Yes - it is just a matter of time - maybe a day or two .. Every dog is different . Usually the curiousity just gets the best of them and they cannot resist .
It sounds like he is handling it well by just minding his own business and not pursuing her . the more he plays hard to get the better and do not try and force them on one another .. Mother nature knows best .. 
As to the name I like Nick & Norah as well .
Congratualtions that is one adorable puppy .. Enjoy them ..


----------



## Lina (Apr 26, 2007)

Little Nick is adorable! If that's what you end up naming him, I think that's a great name! 

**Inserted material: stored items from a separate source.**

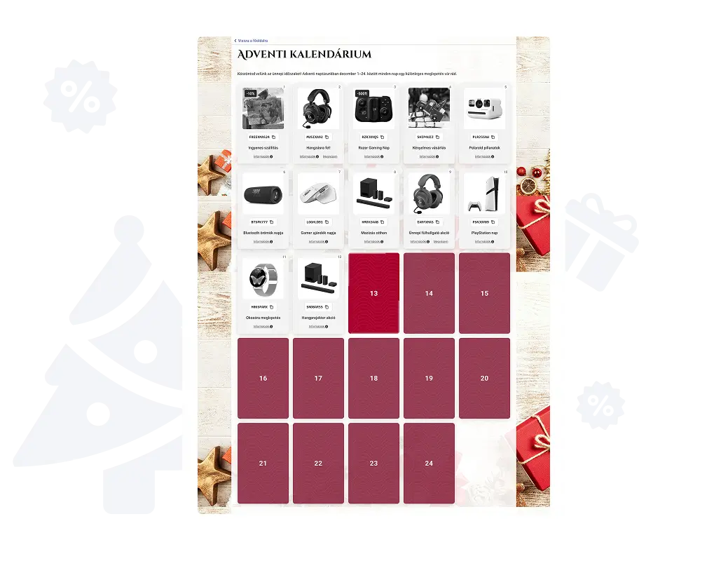Az Adventi kalendárium modul segítségével egy különleges, interaktív adventi naptárat helyezhetsz el webáruházadban, ahol december 1-24. között minden nap egy új meglepetés várja a látogatókat.
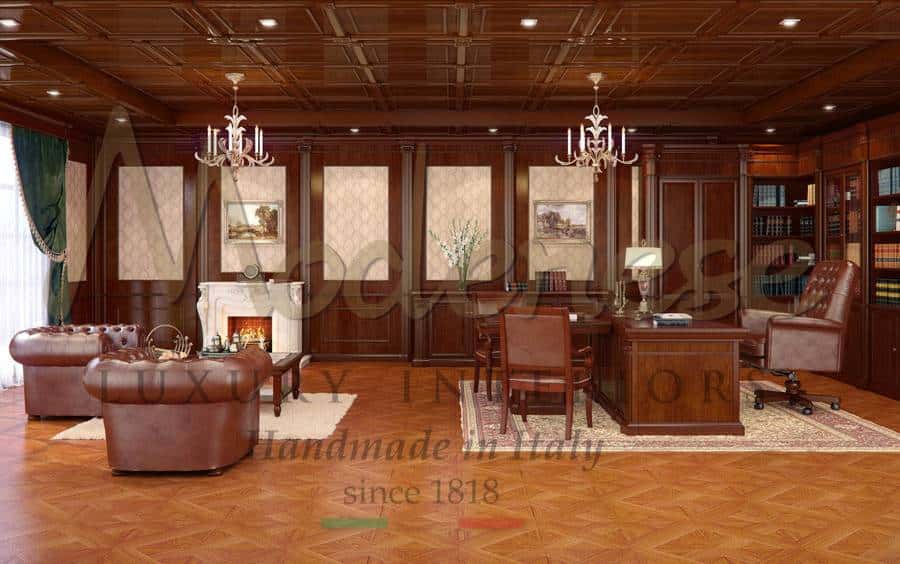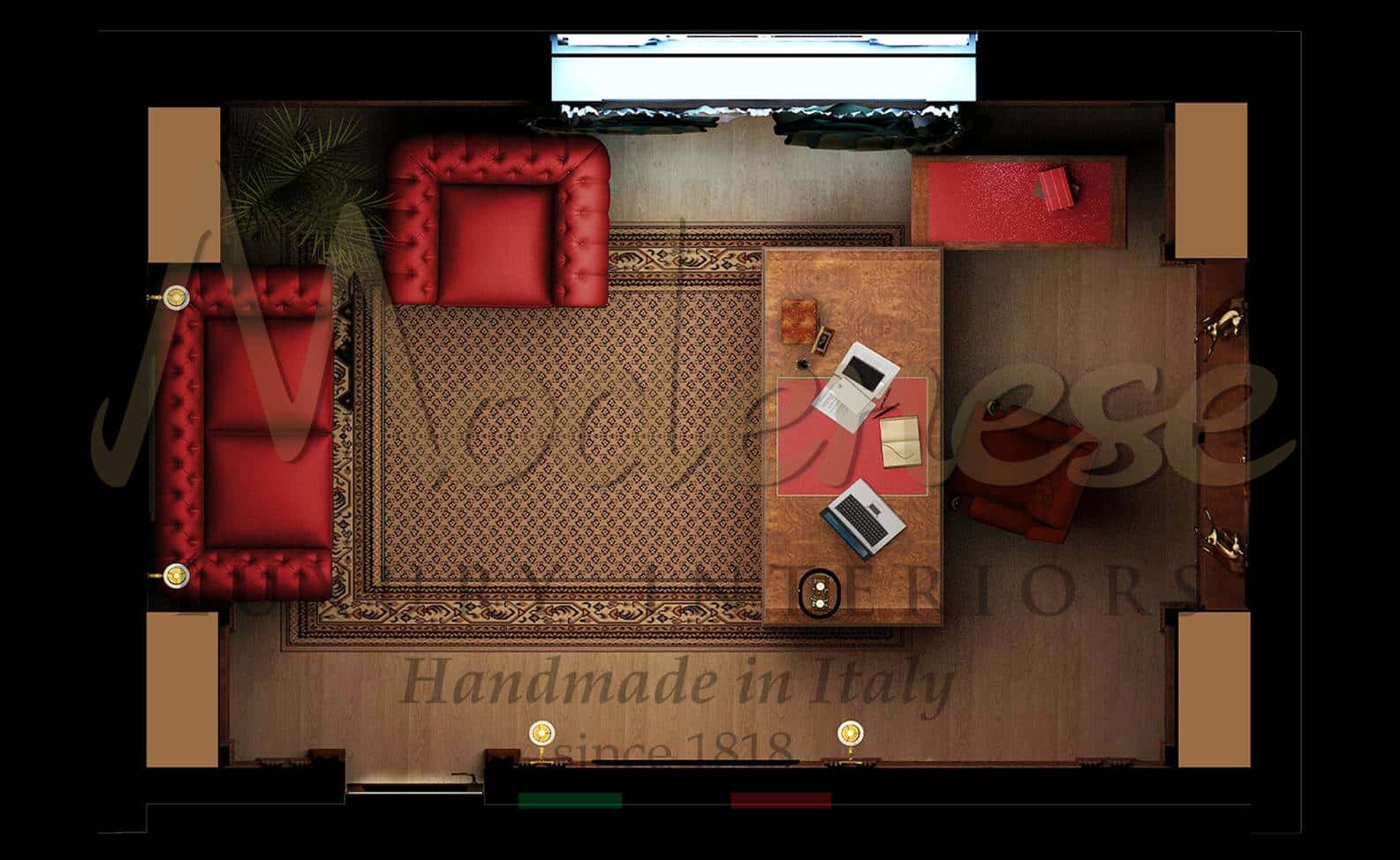 Notre service de conception d'intérieur vous proposera les meilleures options pour un aménagement et un mobilier classiques personnalisés pour des projets de luxe uniques. Nos conceptions et notre production sur mesure vous donnent la possibilité d'enrichir votre projet de différents styles classiques afin de rendre votre bureau privé unique. Production de haute qualité entièrement fabriquée en Italie pour ressentir le pur style de vie luxueux.
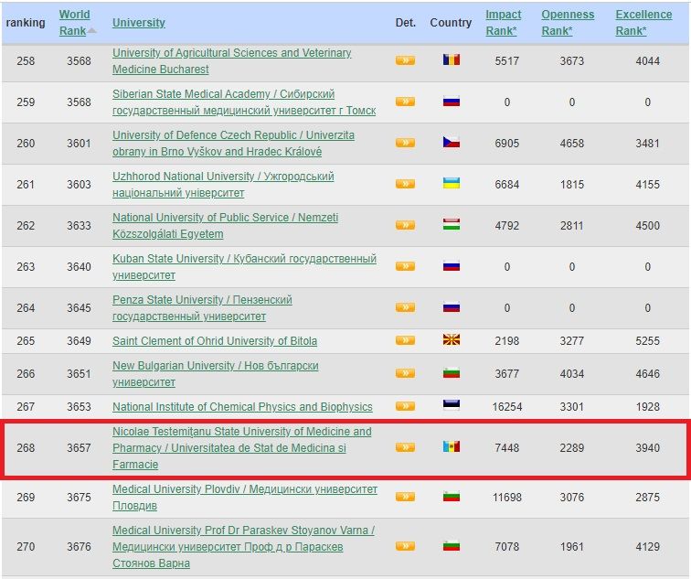 It should be mentioned that Nicolae Testemitanu University holds the leading position at the country level in the Webometrics ranking starting from July 2022.
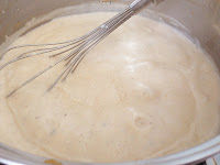 Add in one cup of milk. Whisk whisk! It's got to be cold milk to ensure a smooth sauce free of lumps. Add in the remaining two cups of milk and whisk some more while bringing to a simmer.
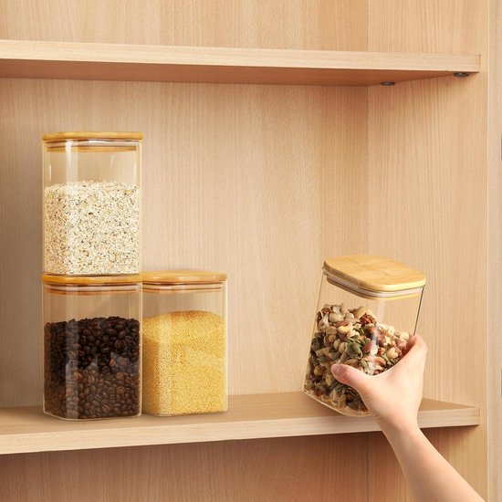 Dimensions : hauteur : 16,9 cm, largeur : 8,75 cm, diamètre : 8,75 cm Idéal pour être réutilisé et recyclable Chaque bocal est livré avec des couvercles à vis WayEee Boite de Rangement Cuisine Lot de 10, Bocaux Hermetiques Alimentaires en Plastique Passe au lave-vaisselle : les bocaux en verre avec couvercles et cuillère en bambou sont fabriqués en verre borosilicate durable, et ils sont faciles à laver... Bocal De Rangement Ikea Promo Les 4 Bocaux En Verre Carrés Couvercle Bambou Chez Stokomani Boite De Rangement Pour Cuisine Ne passe pas au lave-vaisselle à la main uniquement dans de l'eau tiède
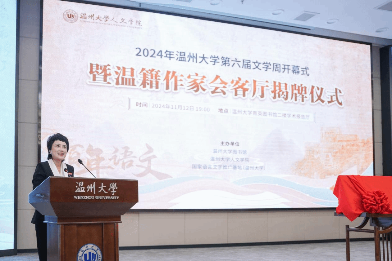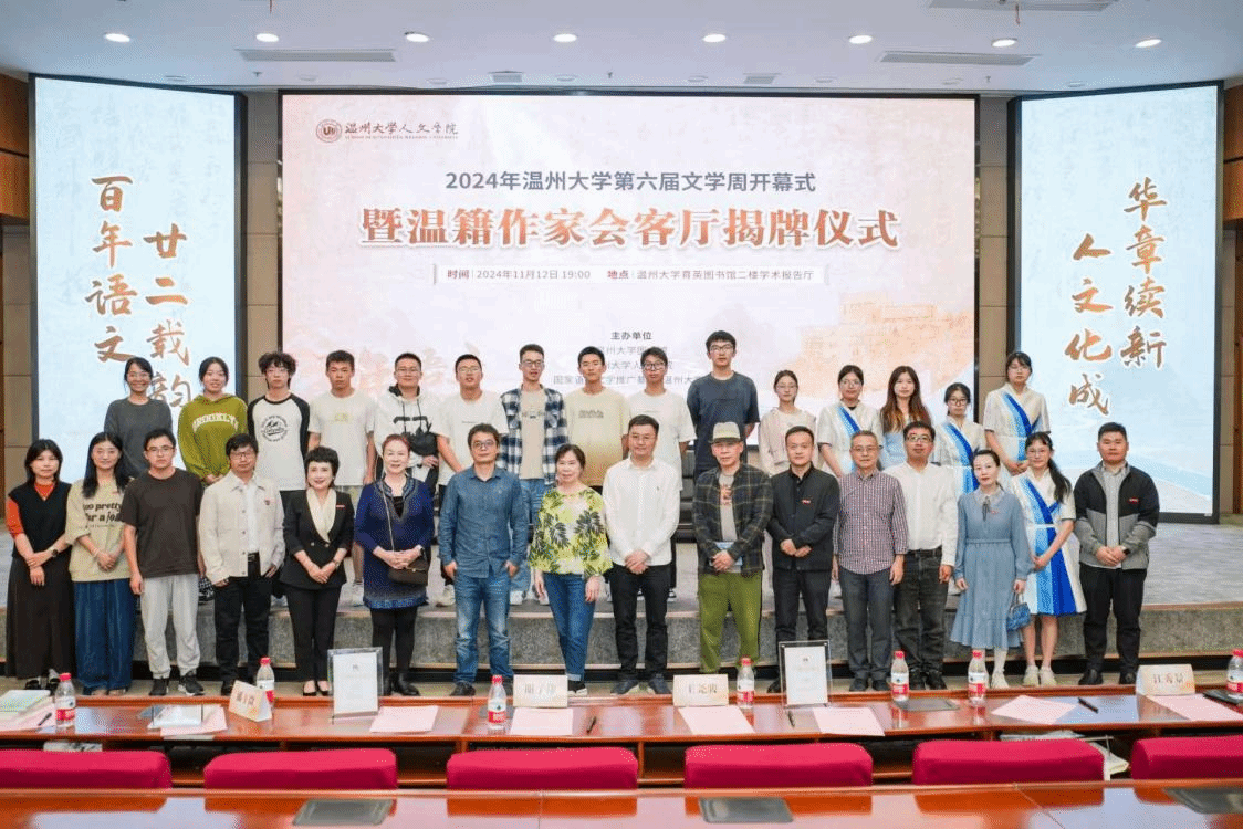 11月12日晚,2024年免费色情片 第六届文学周开幕式暨温籍作家会客厅揭牌仪式在育英图书馆报告厅隆重举行。温州市文联副主席谢子康,免费色情片 副校长、党委委员王尧骏,免费色情片 院长、温大图书馆馆长孙良好,免费色情片 党委书记江秀景,免费色情片 副院长陈源源,温大图书馆副馆长周志峰,温籍作家代表张翎、王手、东君等领导和嘉宾,以及百余名温大师生共同参加了这场盛会。

I also wanted to let you know not to worry if it takes Norah more than just a couple of days to get used to him. I think Kristin mentioned that her oldest, Lito, was "mad" for about 3 weeks! But now he and Nico are the best of friends. So eventually Norah WILL get used to Nick and will be very happy to have a new play mate. So don't worry about it too much.


----------



## Missy (Nov 6, 2006)

Oh he is a cutie!!! I love Nick and Norah.. But what about Norah and Jones? He is just precious and she will warm up in no time. Oh be still my aching, throbing puppyitis.


----------



## HavSerenity (Jan 27, 2008)

Oh he is soo Cute!! Best of luck with your new fur baby


Anjanette


----------



## SmittenHavaneseMommy (Feb 18, 2008)

Aw! cuttie pie! Like the others said, "this too shall pass". He's just getting used to you and the new digs  
I am not good with names, but maybe wait a few days and see what his attitude is, that may help you more on the name thing. I like cupid too! how cute!


----------



## Laurief (Nov 7, 2006)

So how is Nora doing with the new baby??


----------



## Jacklyn Weeks (Dec 23, 2007)

Thank you all for your comments and suggestions. I loved hearing all of your name ideas and while we're not 100% positive, we're leaning towards Nick still. I am slowly becoming more reassured of what you all are saying about Norah. She still basically ignores him but she is definitely a lot less scared of him. She even started playing with him a little last night and this morning. They chased each-other all over our living room when they thought we weren't watching. :behindsofa: It was very cute! I took a few pictures of them that I will post once I upload them to the computer. Thank you for all your reassurance, it makes me feel a lot less reckless!


----------



## Laurief (Nov 7, 2006)

I bet in no time you will actually see Nora "protect" him!! When she thinks some harm might come to him, or if he is sleeping and dreams & makes noise in his sleep, watch her, I bet she will come over to be sure he is ok!! It is really cute to watch the relationships develop - have fun with it!


----------



## HayCarambaMama (Dec 8, 2007)

Jaclyn, sounds like things are going perfect! Funny thing, when Duncan joined us, it was Bonnie who wanted desperately to play with him while he was reluctant of her! LOL. I tell you, now they are never apart -- never! I think it's a great idea to let them have time to themselves to figure it out -- do you have an ex pen for them to be in together? That worked great for us.


----------



## Jacklyn Weeks (Dec 23, 2007)

Laurie, what your talking about may have already begun! Nick got his first shot this morning and he was VERY sore after. He cried and whimpered all morning whenever he moved. He finally fell asleep and Norah would keep going over and "checking" on him when he would whimper. I was very sad seeing poor Nick like this but sooo happy seeing her going over to him without fear! 
Donna, we have a small area in the kitchen where we let them run around in during the day but at night, we sit in the living room with them and that's when they start to play. They zig-zag through the furniture and do RLH all over the place. It makes me ecstatic to see them play so well!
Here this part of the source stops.